The Ministry of Foreign Affairs (MOFA) announced the latest wave of a personnel reshuffle yesterday, including the appointments of new representatives to Poland, Germany and New Zealand.
Ministry spokesman Henry Chen (陳銘政) said at a news conference that Wei Wu-lien (魏武煉), head of the Taipei Economic and Cultural Office in Los Angeles, has been appointed representative to Germany; Tsai Erh-huang (蔡爾晃), a former ambassador to Belize, has been appointed representative to New Zealand; and Kelly Hsieh (謝武樵), head of the Taipei Economic and Cultural Office in Toronto, has been appointed head of the Geneva bureau under the Taipei Economic and Cultural Delegation in Switzerland.
Wei will replace You Ching (尤清), a technocrat of the Democratic Progressive Party (DPP), who resigned recently as the representative to Germany.
Other possible changes overseas include the head of Taipei representative offices in Belgium, Italy and Brazil, Chen said.
“All these new arrangements are still in the pipeline,” he said.
Meanwhile, representative to Switzerland George Liu (劉寬平) said yesterday he had tendered his resignation a day earlier in light of his dual citizenship.
Liu’s resignation came amid reports that the Chinese Nationalist Party (KMT) administration was planning to replace a number of non-career diplomats appointed by the former DPP administration.

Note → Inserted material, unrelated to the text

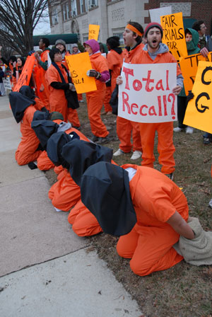 At the rallying points, organizers distributed pre-made signs, buttons bearing the slogan “No Torture” and over 75 orange jumpsuits.
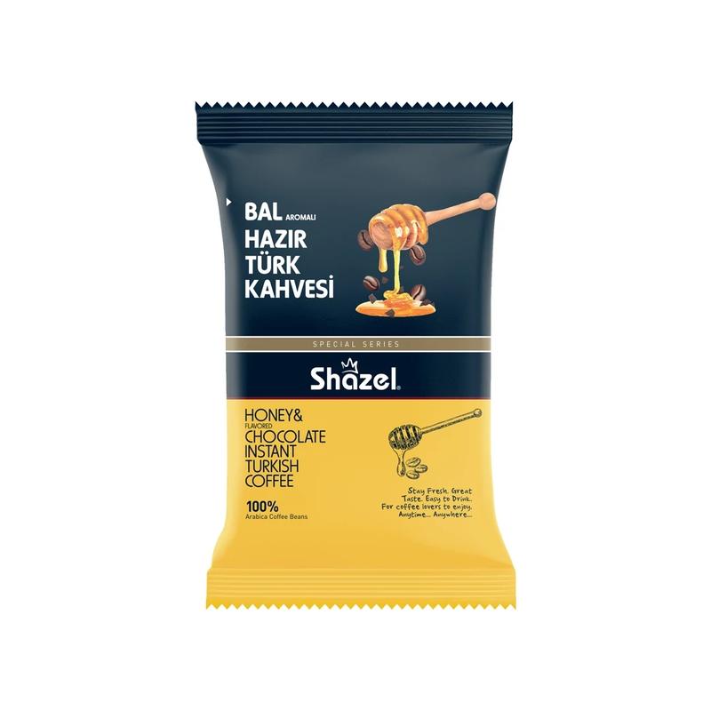 Качество Shazel снова радует нас своими новинками. Новый представитель нашей специальной серии продуктов, растворимый турецкий кофе Shazel с медом, станет гостем на ваших кухнях. Наша продукция под маркой Shazel, которая является пионером в области растворимого турецкого кофе, здесь с уникальной и естественной красотой меда, а также вкусом кофе с медовым турецким кофе.

Liu, who is currently in Taipei, told the Central News Agency’s correspondent in Geneva by telephone that he had personally handed in his letter of resignation to Minister of Foreign Affairs Francisco Ou (歐鴻鍊) at a meeting with the minister on Tuesday morning.
The letter was written late last month as the discussion over the appropriateness of officials holding foreign citizenship or permanent residency resurfaced, Liu said.
Although Liu filed a form to renounce his US citizenship late last year before he assumed the post of representative to Switzerland in February, he is still a US citizen because US authorities have not asked him to appear at a US embassy or consulate to complete the procedure.
Liu, previously a Taiwan Solidarity Union legislator, had been named in media reports speculating which diplomatic officials were likely to be replaced in the personnel reshuffle.
Liu also expressed displeasure yesterday at the way the ministry had handled personnel issues.
Instead of directly informing those concerned of its decisions, the ministry has allowed the media to break the news, which has also sown rumors, Liu said.
“This has damaged the reputation of diplomatic officials,” he said.